The Court's ruling excludes all workers providing in-home care for sick, elderly or disabled people, even if they are employed by home care agencies and businesses. The decision allows these companies to pay their employees appallingly low wages and give them no benefits while they make a profit.
"These businesses should be held to the same labor standards, however
modest, with which every other business is required to comply," said NOW President Kim Gandy.
Gandy explains that this Supreme Court decision can - and must - be
overturned so that home health care workers are considered "real" workers. NOW urges the Department of Labor to reassess its interpretation of "companionship services" and more narrowly define the workers who fall in this exemption category. Either through new rulemaking or Executive order, home health workers and caregivers must be treated in the same manner as all other workers. If these efforts fail, Congress must make this clarification by amending the Fair Labor Standards Act to specifically include these workers in the act's protections.

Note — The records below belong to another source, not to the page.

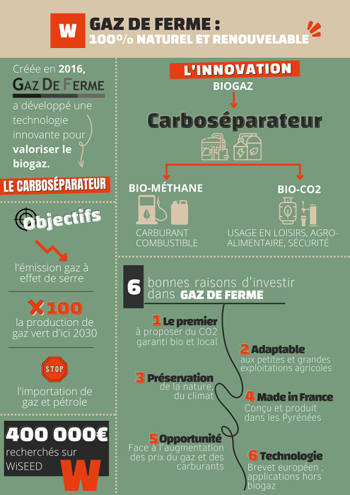 Dans un contexte très porteur, Gaz de Ferme a besoin de décupler ses fonds propres pour faire face à une forte demande et déployer sa solution. L’ouverture du capital en cours comprend un volet d’investissement participatif, lancé sur Wiseed, afin de collecter 400 k€ en 3 semaines.
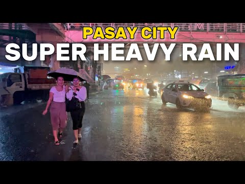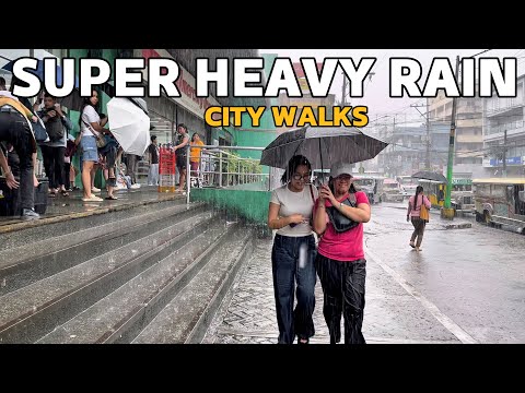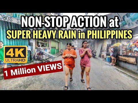 REAL LIFE SCENES at SUPER HEAVY RAIN in Philippines - Walking Tour [4K] 🇵ðŸ‡
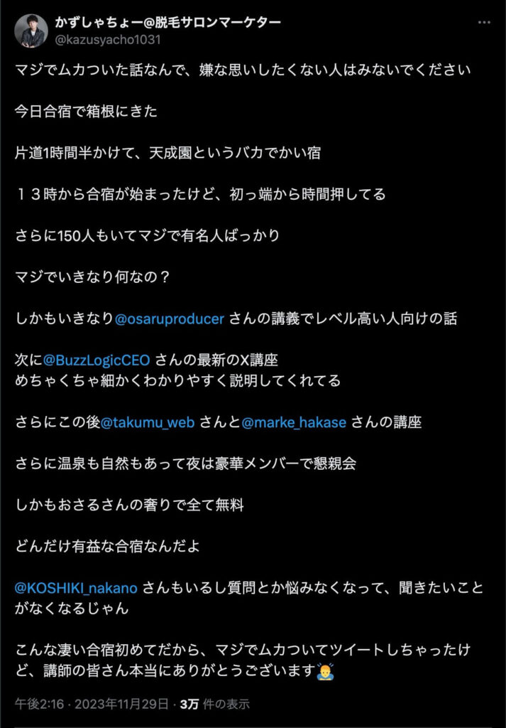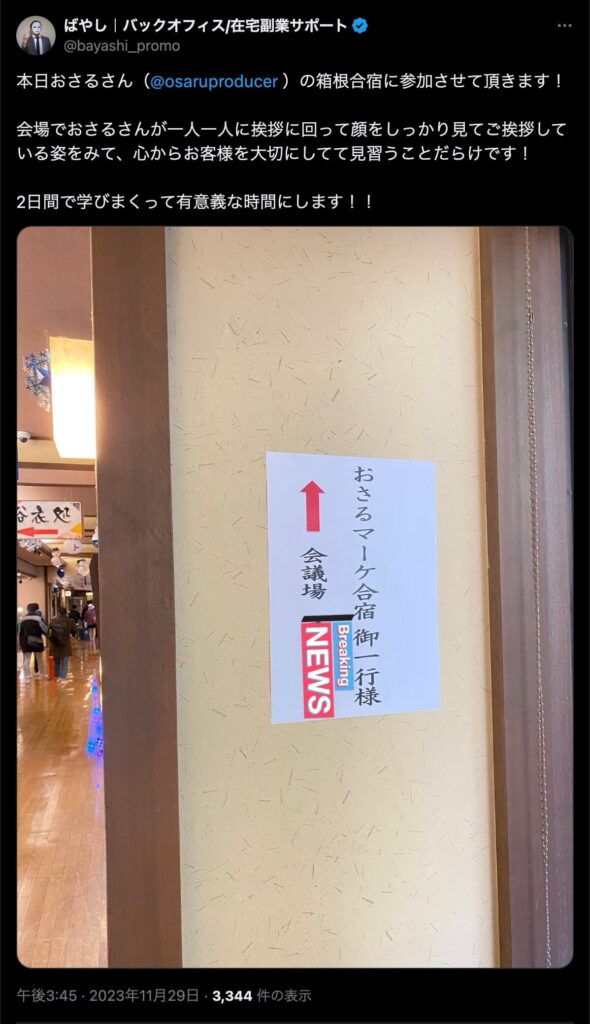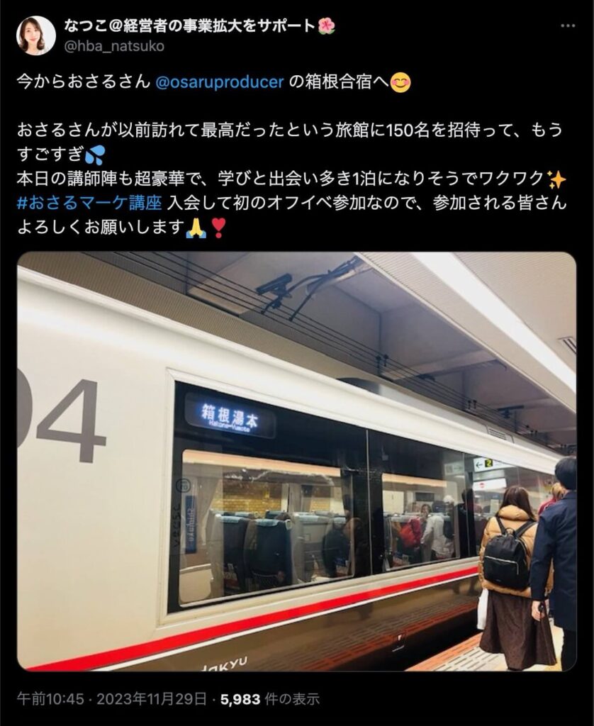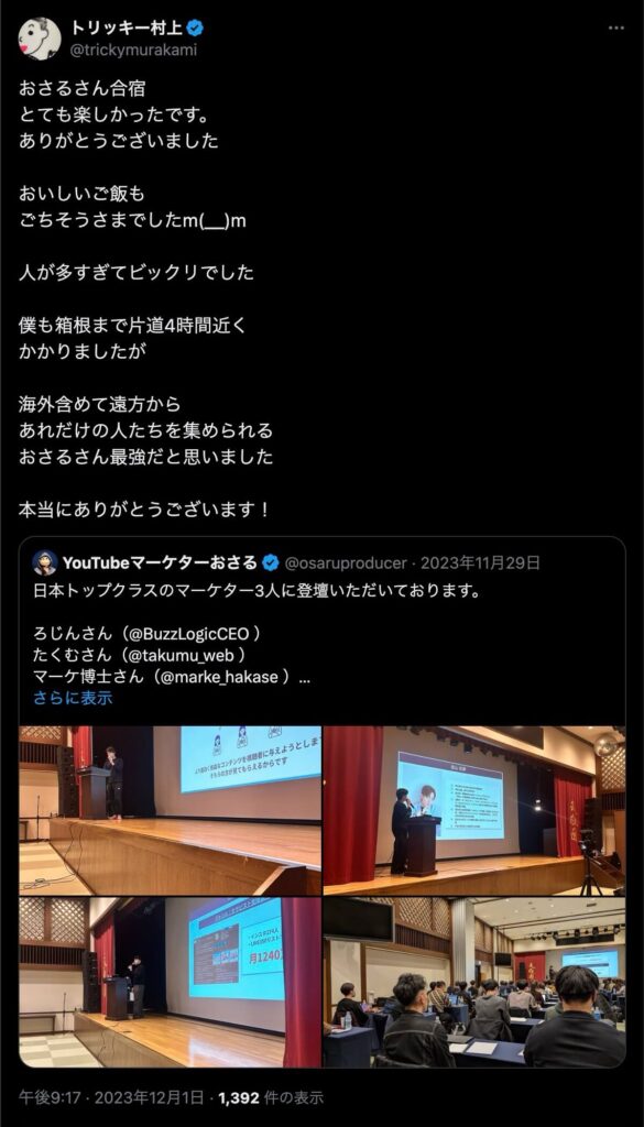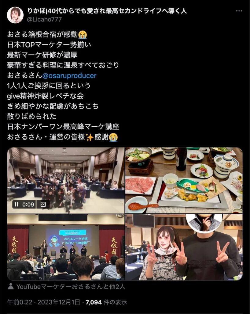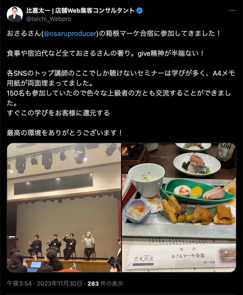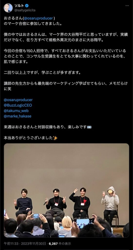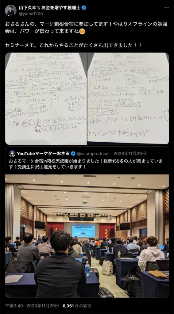 2023年11月29日、おさるマーケ講座のおさるマーケ合宿が開催されました。今回は総勢150名以上が参加する特大規模となりましたので、その様子を参加者の口コミとともにお伝えします。

Women are the majority of all paid and unpaid caregivers in the United States. Caregivers perform physically demanding and stressful jobs that often entail around the clock care.
"Despite their hard work these workers are among the lowest paid out of all service industry employees," said Gandy. "They deserve the protection of fair wages and benefits for their hard work and dedication to their difficult and important jobs. NOW calls on Congress to remedy this miscarriage of legal and economic justice and find a way to protect the rights of these millions of hard-working low-wage workers."